THEMA SORCELLERIE ET MAGIE

Après le succès de Dracula et Frankenstein, les studios Universal se sont mis en tête de réunir leurs deux vedettes respectives dans une petite série de films d’épouvante aux budgets réduits, tournés principalement en studio. Le Chat Noir est le premier d’entre eux, et il n’entretient à vrai dire aucun rapport avec la nouvelle d’Edgar Poe dont il emprunte le titre, le félin du titre se contentant d’errer sinistrement dans le décor pour effrayer Bela Lugosi. Celui-ci incarne le docteur Vitus Werdegast, venu rendre visite à un architecte sorcier à ses heures, du nom de Hjalmar Poelzig, interprété par Karloff. Redoutable criminel de guerre, Poelzig a jadis assassiné la femme de Vitus et a épousé sa fille. Werdegast est donc assoiffé d’une vengeance longuement mûrie. « Je peux encore sentir la mort dans l’air » murmure ainsi Lugosi en arpentant la vaste demeure de son hôte sinistre. Au beau milieu de cet affrontement qui couve se retrouve un jeune couple en plein voyage de noces, échoué dans la demeure de Poelzig après un accident d’autocar.
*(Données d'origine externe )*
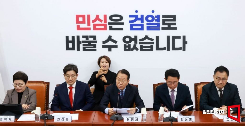 권영세 국민의힘 비상대책위원장이 3일 국회에서 열린 비상대책위원회의에서 발언하고 있다. 김현민 기자

Le scénario s’articule alors autour de ce huis clos, mélangeant la rivalité de Karloff et Lugosi, la surprise des jeunes mariés pris au piège, des cachots camouflés comme dans les bons vieux serials d’aventure, une ancienne épouse conservée morte dans une vitrine et coiffée comme la fiancée de Frankenstein, une cérémonie satanique avec une poignée de figurants encapuchonnés, et ce chat noir qui se ballade nonchalamment en projetant son ombre sur les murs. Proche stylistiquement de celle de Tod Browning pour le Dracula de 1931, la réalisation d’Edgar G. Ulmer joue la carte de la théâtralité, le jeu des acteurs  étant à l’avenant : outré, extrême et presque surréaliste. Visuellement, le film bénéficie de fort belles compositions, d’un splendide décor de verre et d’acier dont l’influence art-déco tranche avec les habituels donjons gothiques, et d’une somptueuse photographie de John J. Mescall sous influence de l’expressionnisme allemand. 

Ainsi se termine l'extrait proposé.